[Serve][LLM] Don't fetch LLMConfig from replicas at ingress startup#63065
Conversation
Bug: With min_replicas=0, deploying an OpenAI ingress force-starts every LLMServer at startup, defeating scale-to-zero and gating /-/healthz on every model successfully starting at least once. Root cause: OpenAiIngress.__init__ schedules _setup_handle_and_config_maps, which awaits handle.llm_config.remote() per deployment. With 0 replicas, each call queues at the router, bumps ongoing_requests to 1, and trips autoscaling 0 -> 1. The fetched LLMConfig is identical to what build_openai_app already holds in memory. Fix: Pass static metadata to the ingress directly. OpenAiIngress now takes llm_deployments: Dict[str, DeploymentHandle], model_cards: Dict[str, ModelCard], and lora_paths: Optional[Dict[str, str]]. build_openai_app, build_dev_openai_app, build_pd_openai_app, and build_dp_openai_app construct these dicts up front. get_lora_model_metadata takes base_path instead of LLMConfig. Tests updated.

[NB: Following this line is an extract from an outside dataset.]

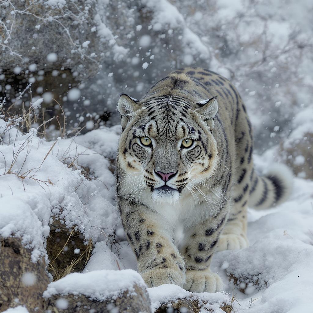 A captivating wildlife photograph showcasing a snow leopard in a striking medium shot, prowling through a snowy, rugged mountain forest. The setting is an overcast day, the dense layer of snow covering the rocky terrain adding to the scene's mystique. The snow leopard's full body is visible, capturing its elegant and powerful form. With an intense gaze directed towards the viewer, its predatory nature is palpable. The eyes are mesmerizingly detailed and piercing, drawing you in with their sharp focus. The image is rendered in high resolution and crisp detail, with natural lighting accentuating every texture of its fur and the surrounding environment.

Signed-off-by: Kourosh Hakhamaneshi <kourosh@anyscale.com>
There was a problem hiding this comment.
Code Review
This pull request refactors the OpenAiIngress initialization to accept llm_deployments, model_cards, and lora_paths as dictionaries keyed by model ID, replacing the previous list-based approach. This change removes the asynchronous remote fetching of model configurations during setup, simplifying the ingress lifecycle and improving initialization reliability. Feedback suggests consolidating the duplicated logic for preparing these arguments in build_openai_app and build_dev_openai_app into a shared helper function to improve maintainability.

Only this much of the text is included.